1. China’s pollution
While China sadly couldn’t claim the Great Wall as a monument that can be seen from space, they did get on the list – just not how they’d hoped.
The photo above was taken on December 4, 2016. The smog was so dense that it actually grounded flights, and Beijing was put on orange alert as a heavy blanket of smog (seen in gray) covered vast swaths of the country for several days.
An orange alert means the air has a PM2.5 measurement upwards of 150 micrograms per cubic meter of air. The World Health Organization considers levels below 25 to be safe for humans.
China’s pollution problems have long been the subject of news stories, but the government has recently made serious cleanup efforts that appear to be yielding results, though sometimes they’ve been somewhat overzealous. They’ve also made significant investments in clean energy, so here’s hoping for clear skies over Beijing in the future!
2. The Great Pyramids
The last surviving members of the original “Seven Wonders of the Ancient World,” the Great Pyramids of Giza have withstood desert winds, looters, and wars for several millennia.
While there are plenty of conspiracy theories out there about how the pyramids are the work of aliens, they do have one very real connection to space – we can see them from out there!
Astronaut Terry Virts took this photo on his last day aboard the International Space Station. On days with good visibility, the pyramids are actually quite visible, especially when the sun hits them just right to create perfect shadows.
3. Roads in the desert
This one sounds kind of odd – you can’t see the Great Wall of China from space… but you can spot a two-lane highway?
When it comes to roads in the desert, you absolutely can. It all goes back to the point astronaut Jeffrey Hoffman made about why we can’t see the Great Wall – contrast.
While the wall is too similar to its surroundings and also matches the winding, mountainous topography, desert roads tend to be long, straight lines that stick out like a sore thumb from the desolation all around them.
4. Greenhouses of Almería
In Spain’s southern region of Andalusia is a manmade structure (or rather, series of structures) that is one of the most distinct areas of the planet when seen from space.
The area of Almería was historically so dry and arid that it was once a popular location for filming spaghetti Westerns.
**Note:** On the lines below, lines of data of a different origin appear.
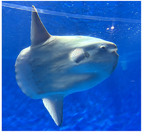 図1. 水族館をゆうゆうと泳ぐマンボウ(大洗水族館にて)。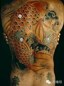 11.鯉魚:男性活力、反抗精神和頑強不屈的象徵,神話中鯉魚也被看作是一種神聖的魚。日式刺青里,鯉魚可以給他的主人帶來健康長壽,預示著多子多福。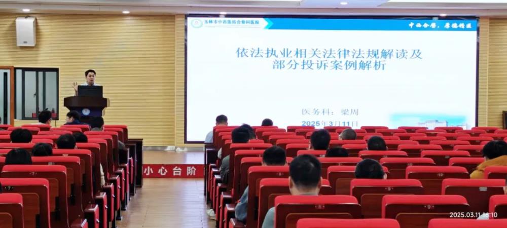 医务科副科长梁周对《医疗机构工作人员廉洁从业九项准则》《中华人民共和国医师法》《医疗机构从业人员行为规范》等医学相关法律法规进行解读,并通过实际案例,分析投诉纠纷产生的原因,使医务人员能够从案例中吸取经验教训。同时,希望医务人员在今后的工作中,能够严格遵守医疗规范,提高服务质量,为患者提供更加安全、优质的医疗服务。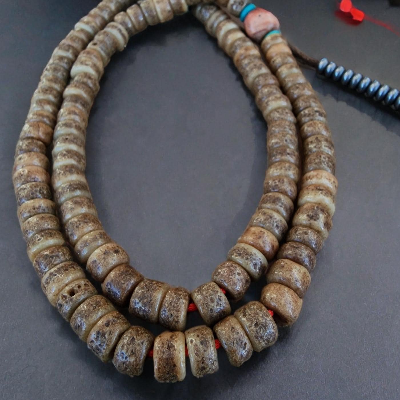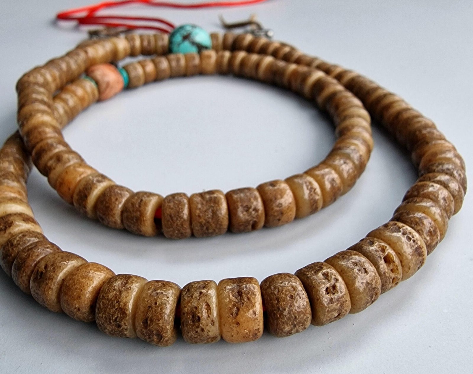 During meditation, the tactile sensation of bone beads serves as a constant reminder of the teachings — grounding the practitioner in presence and awareness. The irregular shapes encourage attention rather than mechanical repetition.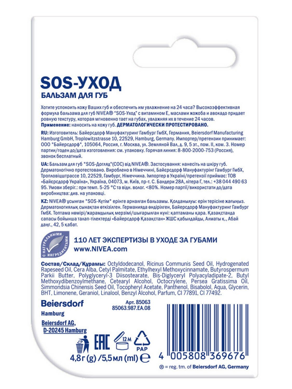 Nivea Бальзам для губ SOS-Уход, 4.8 г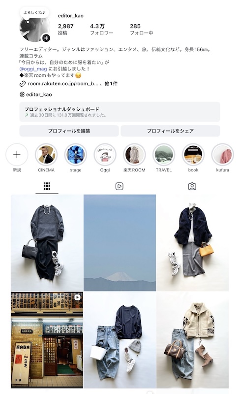 そして今回は、自己紹介ついでに宣伝を。editor_kaoのインスタグラムでは、日々のコーディネートや、大好きなエンタメ(お笑い、音楽、演劇、映画、アート)などを更新しています。コーディネートは完全私物なので、同じような着こなしが続いたりするのですが、そんなリアリティも楽しんでいただけたら!

Over the last 30-40 years, however, hydroponic farming techniques have transformed the region into Europe’s largest greenhouse, providing enormous, year-round harvests of a wide variety of produce.
Thousands of plastic/tin-covered greenhouses cover the landscape, reflecting enough light back to space to be clearly visible from orbit. Interestingly, the greenhouses reflect so much light that they’re actually cooling the local region, even as the rest of Spain gets hotter!
5. Dubai’s artificial islands
Why is it that every time you hear about something crazy and creative being done, it’s often in Dubai? Maybe they’re bold visionaries, or maybe all that oil money just allows them to explore their playful side more than most. Either way, if anyone’s going to build something to be seen from space in this day and age, it’s definitely the people of Dubai.
While that wasn’t the explicit goal, that’s exactly what they’ve done with the Palm Islands, a series of manmade islands off the coast of Dubai created by dredging sand from the Persian Gulf.
The unique thing about the Palm Islands is how little concrete or steel was used in their construction. The islands are almost entirely sand, leading to some concerns about long-term erosion.
6. Cities at night
Of all the things man has made that can be seen from outer space, there are probably few things quite as striking and beautiful as the sight of our major cities at night.
When the sun goes down, the bright lights of big cities are clearly visible from space, creating patches of brilliant, luminous yellow on an otherwise dark planet.